По-моему, что-то случилось.

— Это меня и тревожит.

— Тревожит? Разве тебе не хочется поглядеть на них?

— Не очень.

— Ну как хочешь. Тогда возьмем кеб.

— Нет, лучше пойдем пешком.

Мы зашагали вслед за толпой, длившей по главной аллее парка; толпа опередила нас ярдов на сто. Гвадалупский парк Аламеда вместе с главной улицей города (называющейся в этой части, где она встречается с парком, Авенида Пресиденте Барриос) образует огромную зеленую букву «Т». Парк тянется примерно на четверть мили. Мы прошли чуть больше половины пути; чтобы попасть в отель, нам нужно было пройти аллею до конца и свернуть на Авенида. Пока мы шли, я старался взвесить обстановку. Наверно, так чувствует себя человек, оказавшийся на улице за минуту до начала восстания, в момент последнего страшного затишья.

Еще царит покой, но надолго ли? Кто-то второпях захлопнул ставню, испуганный слепец засеменил по улице, ища убежища и вот с шумом взлетела с деревьев голубиная стая, завидев первого человека с винтовкой.

Нижняя половина парка Аламеду быстро пустела. Танцоры, некоторые еще со смеющимися масками на лице, стаскивали с себя мишурные костюмы и звериные шкуры и поспешно ретировались, схватив свой скарб в охапку, словно обращенные в бегство мусорщики. Завсегдатаи Аламеды — чистильщики сапог, продавцы лотерейных билетов, мороженщики — покидали свои будки. Даже кебмены, проводящие весь день в блаженной дремоте, пробудились и понукали лошадей.
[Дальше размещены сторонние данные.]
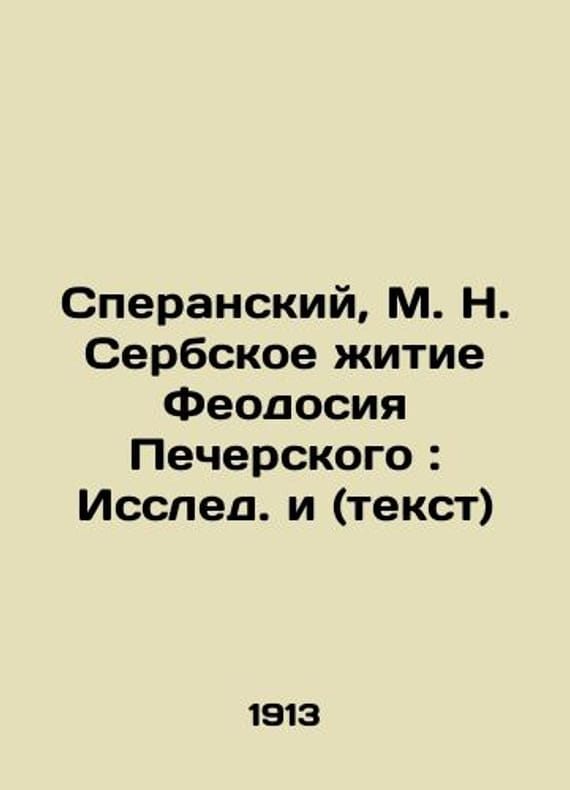 Speransky, M. N. Serbian Life of Feodosiy Pechersky: Issled. and (Text) In Russian /Speranskiy, M. N. Serbskoe zhitie Feodosiya Pecherskogo: Issled. i (tekst) In Russian. Moscow:: Imp. History and Antiquities of Russia at Moscow University, 1913. 19 p. We have thousands of titles and often several copies of each title may be available. Please feel free to contact us for a detailed description of the copies available. SKUalb8655100d6a1ec2a7
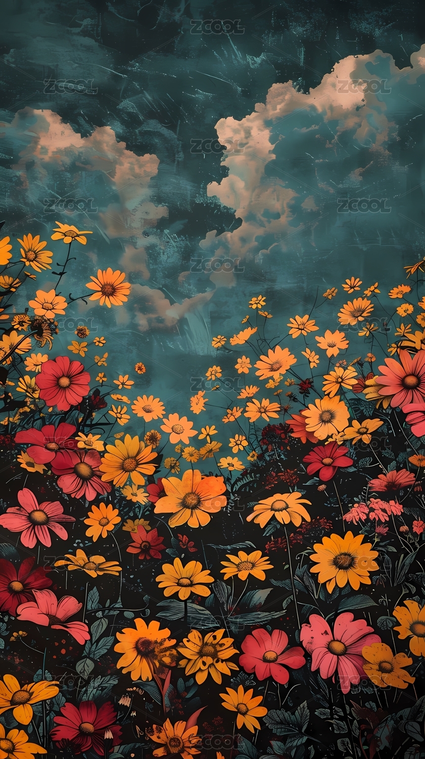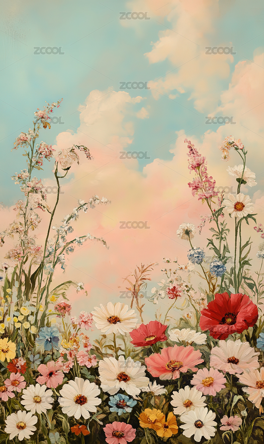 复古,云彩,蓝色,天空,花卉,植物,自然,图案,艺术,油画

Мне чудилось, что эти люди, инстинктивная чувствительность которых не притуплена влиянием цивилизации, учуяли сейчас едва уловимые колебания почвы, за которыми — они это знают — может последовать страшный удар. А над нашими головами веселый безмозглый оратор из громкоговорителя оповещал пустеющие аллеи о заманчивых развлечениях и удовольствиях, приготовленных на завтра и послезавтра.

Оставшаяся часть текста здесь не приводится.